The Banditti of the Plains, or the Cattleman’s Invasion of Wyoming in 1892 (1894)
Asa Shinn Mercer (1839 – 1917) was the editor of the Northwestern Livestock Grower, first president of the Territorial University of Washington, and a member of the Washington State Senate.
It has been said that “The Banditti of the Plains” is one of the most important of the Wyoming range war publications. Mercer was the editor of the Northwestern Livestock Grower, a Cheyenne publication, who took the side of the small ranchers/cattle men against the large cattle barons. It was written during the “Johnson County War”, and is so well known that it has been reprinted numerous times.
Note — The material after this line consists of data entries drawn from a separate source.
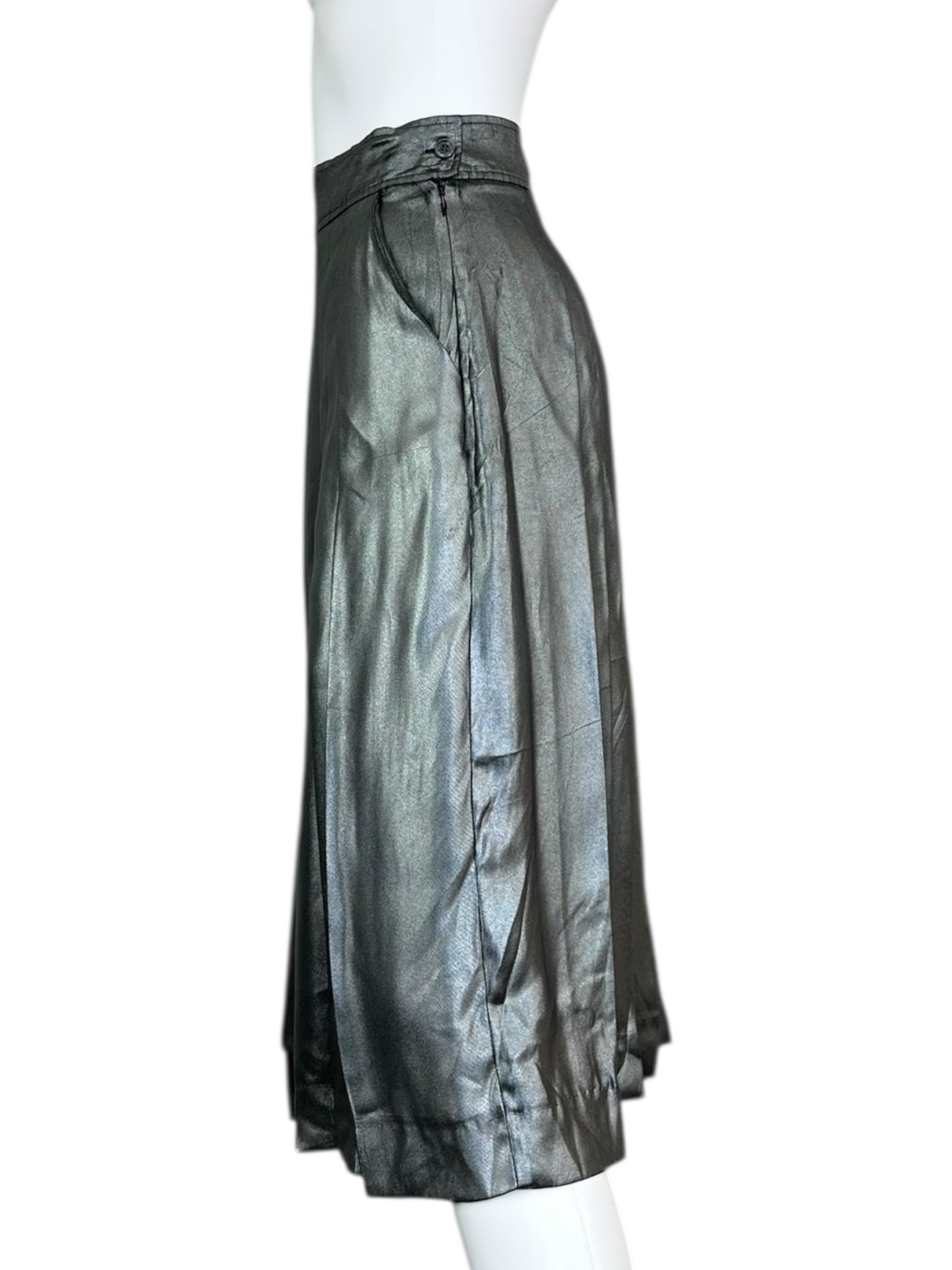 Soft metallic silver stretch knit pleated culottes with front pockets and a side zipper/hook closure.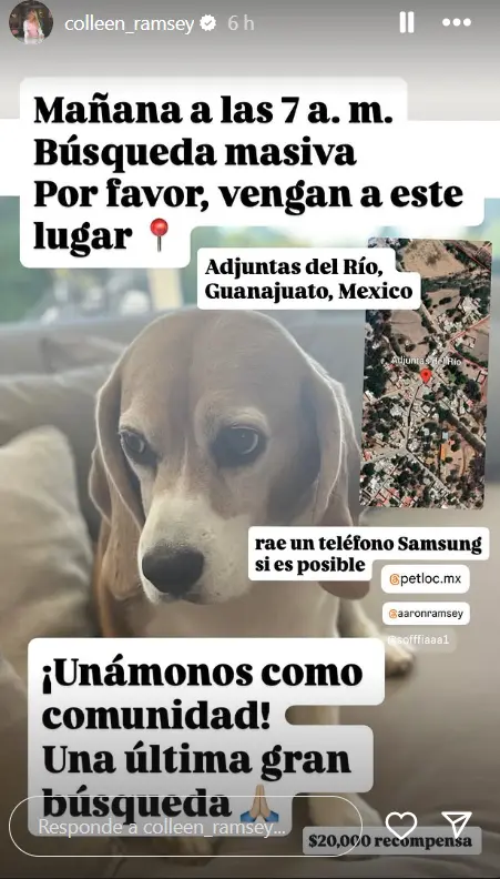 La desesperación ha escalado y es por eso que ahora han lanzado una convocatoria en redes sociales para salir en búsqueda de su perrita, donde además piden a los voluntarios llevar un celular samsung de preferencia, además de recordarle a sus seguidores que hay una gran recompensa de por medio.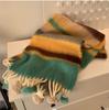 Winter Soft Warm Scarf Women Fashionable Plush Colorful Striped Scarf Versatile Mohair Couple Shawl Long Vintage Scarf Shawl
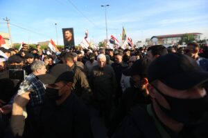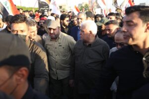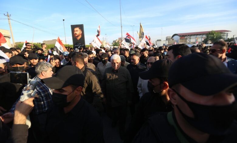 بالصور.. الفياض والمحمداوي يشاركان بتشييع شهداء القصف الأميركي الغادر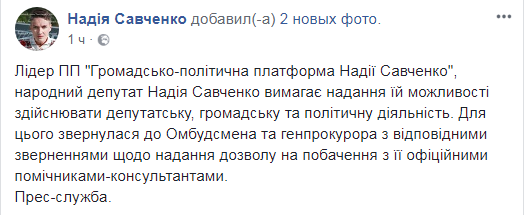 Сканкопии соответствующих обращений Савченко на имя генерального прокурора Юрия Луценко и омбудсмена Людмилы Денисовой обнародовала пресс-служба нардепа на ее странице Facebook в среду, 11 апреля.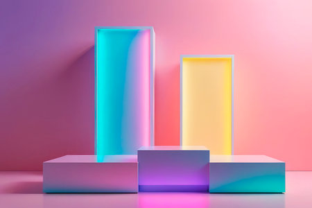 Empty podiums for product placement in the style of minimalism with neon light glow on pastel background. Trending color concept of the year 2024. Abstract iridescent and geometric spectral chromatic liquid.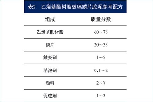 可适当添加滑石粉,钙粉,硫酸钡, 氢氧化铝,云母粉等填料。粉料的添加和耐腐蚀介质的不同而不同,还与粉料的密度有关,添加量一般都非常少,仅仅起到辅助填料的作用(主填料还是玻璃鳞片)。填料的添加会降低成本的同时,也降低了鳞片胶泥的耐腐蚀性能。并且添加的量不合适的话,会对施工性能产生影响。不同填料对VER-FC 的耐腐蚀性能的影响请参见著作《乙烯基酯树脂及其应用》中的相关介绍。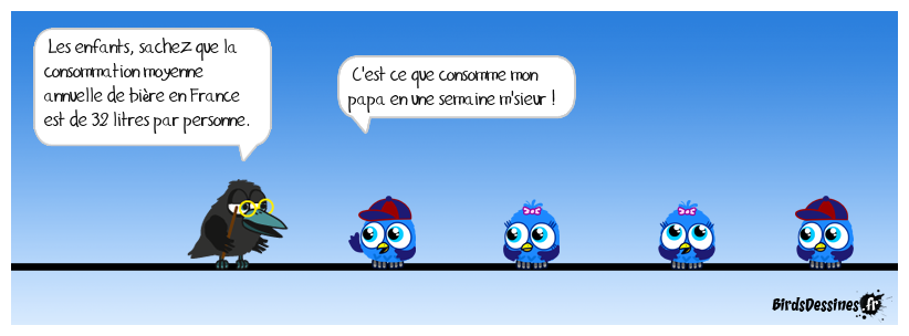 Case 1:Bird 1: Les enfants, sachez que la consommation moyenne annuelle de bière en France est de 32 litres par personne. | Case 2: Bird 1: C'est ce que consomme mon papa en une semaine m'sieur ! | Case 3: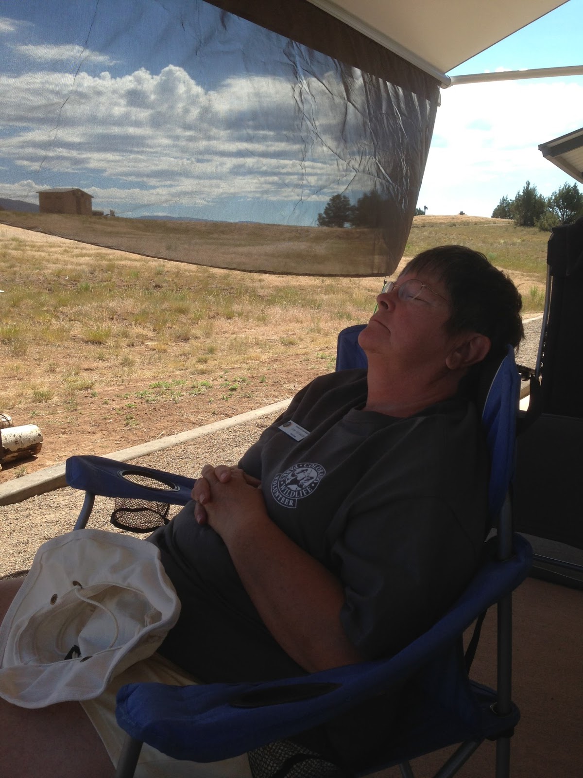We are here at Rifle Gap State Park, Colorado, thru September 5th. "I" have volunteered as Campground Host and enjoying all of it. Rifle Gap is one of three nearby State Parks, Rifle Falls and Harvey Gap are the other two, all within 10 miles of each other and nestled in the mountains, with really nice lakes at the two Gaps Parks. Host duties include a five day work week (Tuesday & Wednesday off) with about 20 hours/week actual work, (which isn't real work) greeting guests as they arrive, cleaning the sites when they vacate, and about an hour bathroom duty each day. Rifle Gap is the nicest State Park we have ever stayed in. The sites are all concrete pads, with paved driveway and graveled picnic area with shaded cover. These are also full hook up sites. The entire park is immaculate.... We're enjoying the stay. You may have noticed that "I" volunteered.... Actually, both of us volunteered willingly, but June was asked if she wanted to work in the office, which she did, so they are hiring her as a Colorado State employee. She set the terms which were four mornings per week - Friday thru Monday. We take off every Tuesday and Wednesday and Thursday is a very slow day, so this works well "and" we have an income to boot (notice I said "we" - actually just June but that works for me)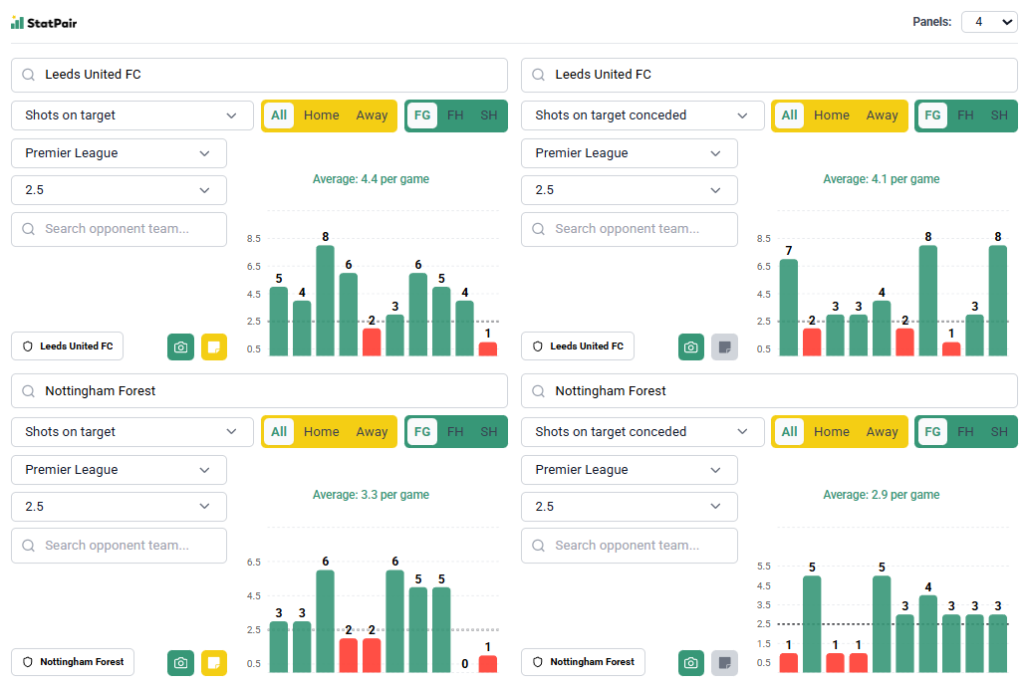 Jak w tej kwestii wyglądają gospodarze? Oni dali się poznać jako zespół potrafiący oddawać naprawdę sporo strzałów (zwłaszcza u siebie), więc tutaj przynajmniej trzy trafione w światło bramki to raczej zadanie do wykonania. Na 10 poprzednich meczów ligowych „Pawie” pokrywały linię 2,5 w 8 przypadkach (poza starciami z Liverpoolem i Arsenalem), natomiast ich przeciwnikom ta sztuka udawała się siedmiokrotnie. Ciekawie sprawa wygląda w przypadku Forest, bo tutaj lepsze wyniki mamy właśnie na wyjazdach. 9 z 10 spotkań we wszystkich rozgrywkach, a także 3, 3, 2, 5 i 5 celniaków w ligowych wycieczkach to liczby, które napawają nas optymizmem i każą wierzyć, że goście powalczą. Ich przeciwnicy nie mają z tym żadnych problemów, więc spodziewamy się, że ofensywnie nastawione Leeds też da sobie radę. W pierwszym meczu w tej statystyce było 6-3 dla ówczesnego gospodarza i powtórka nas nie zmartwi.

Asa Shinn Mercer had been hired to promote the cattle industry, but became disillusioned after he learned the inside scoop. He wrote insightful articles outwardly criticizing the cattlemen. In return, they severely suppressed this book and his paper, ultimately burning down his office. Mercer was one of the founding families of Seattle. He was the first professor and the first president of the University, and the only college graduate there in the mid 1860’s. In one of his most famous moves, he went East recruiting young women to come to Washington as teachers and in other business endeavors. They became famously known as “Mercer Girls.”
The Johnson County War, also known as the War on Powder River and the Wyoming Range War, was a series of range conflicts that took place in Johnson, Wyoming between 1889 and 1893. The conflicts started when cattle companies ruthlessly persecuted supposed rustlers throughout the grazing lands of Wyoming. As tensions swelled between the large established ranchers and the smaller settlers in the state, violence finally culminated in Powder River Country, when the former hired armed gunmen to invade the county and wipe out the competition. When word came out of the gunmen’s initial incursion in the territory, the small-time farmers and ranchers, as well as the state lawmen, formed a posse of 200 men to fight them back which led to a grueling stand-off. The war ended when the United States Cavalry, on the orders of President Benjamin Harrison, relieved the two forces, and the failure to convict the invaders of the murders they had committed.
“The Banditti of the Plains” covers the Hanging of Averill and Cattle Kate on the Sweetwater; Attack upon Campion and Gilberson on Powder River; Murder of Tisdale and Jones; Kidnapping of the Trappers; March of the Assassins from Cheyenne Across the Country to Burn and Destroy, etc.
The book is an expose which nearly cost the author his life. The printing house was broken down and according to local rumor most copies of the book, were destroyed by the attacking mob.
“THERE BEING a few reckless fellows in various parts of the state who lived by the theft of cattle and horses, it was comparatively an easy matter to create the impression that the losses sustained by cattlemen were much greater than the facts supported. It was as easy to say that a hundred big steers had been taken as to tell the truth and say that one or two were missing, and that someone had undoubtedly stolen them. This report of wholesale stealing excited the sympathy of the people generally, and here was a point gained. So many cattle could not be stolen by the few known thieves; there must be hundreds engaged in the nefarious business. Of whom does this army of brand-burners consist, was a very natural question. Somebody answered, “The little stockman and settler.” Very soon it seemed to be understood that the owners of large herds looked upon all the settlers and home- seekers as rustlers among the herds for mavericks (unbranded animals), and the name “rustler” was used as synonymous with settler. This free use of an offensive term created more or less bad blood and was a direct encouragement to be actually vicious, because they could commit more thefts and charge them to the settlers.”